Problem: The sum of the age of 3 persons is 150 year. 10 years ago their ages were in the ratio 7:8:9. Find their present ages.

Solution:

Let the present ages of the three persons be a, b and c.

We know that the sum of their ages is 150, so we can write:

a + b + c = 150

10 years ago, their ages were (a-10), (b-10) and (c-10) respectively.

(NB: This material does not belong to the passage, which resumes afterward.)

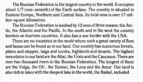 Российская Федерация самая большая страна в мире. Её площадь занимает 1/7 Земли. Страна расположилась на восточной Европе, Северной и Центральной Азии. Площадь страны примерно 17 миллионов квадратных километров.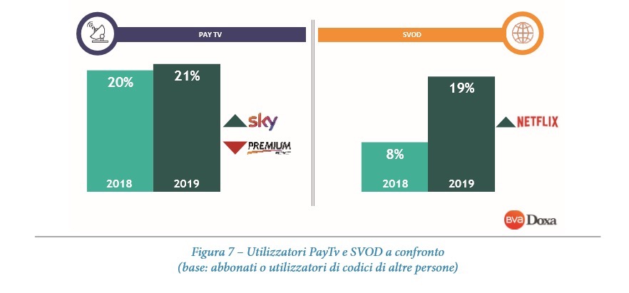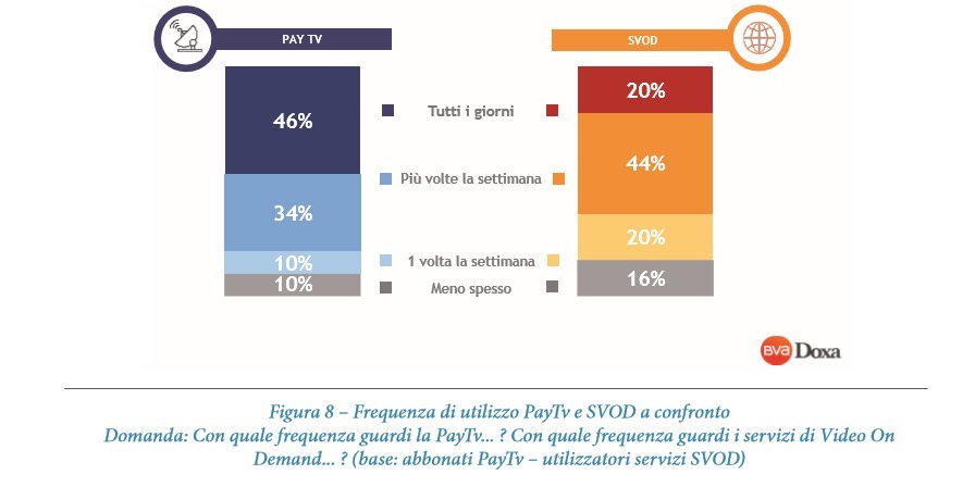 Se in termini di utenti che vi hanno accesso il mercato delle PayTv è piuttosto stabile, il settore SVOD è in forte crescita: utilizza questi servizi online il 19% della popolazione Internet italiana, rispetto all’8% di 12 mesi fa. Il consumatore finale che utilizza i servizi di PayTv ha però una maggiore frequenza di visione: il 46% degli abbonati la guarda tutti i giorni rispetto al 20% degli utenti SVOD.

We are given that their ages 10 years ago were in the ratio 7:8:9, so we can write:

(a-10) : (b-10) : (c-10) = 7 : 8 : 9

Multiplying both sides by a common factor, we get:

7a - 70 : 8b - 80 : 9c - 90 = 7 : 8 : 9

Simplifying the above equation, we get:

7a - 8b + b - 70 - 80 = 0

8b - 9c + c - 80 - 90 = 0

Adding the above two equations, we get:

7a - c - 240 = 0

Substituting a + b + c = 150 in the above equation, we get:

7a - 150 - 240 = 0

7a = 390

a = 55

Substituting a = 55 in a + b + c = 150, we get:

b + c = 95

We know that (a-10) : (b-10) : (c-10) = 7 : 8 : 9

Substituting a = 55, we get:

45 : 46 : 47

Adding 10 to each of the above values, we get:

55 : 56 : 57

Therefore, the present ages of the three persons are 55, 56 and 57 years.

Answer: The present ages of the three persons are 55, 56 and 57 years.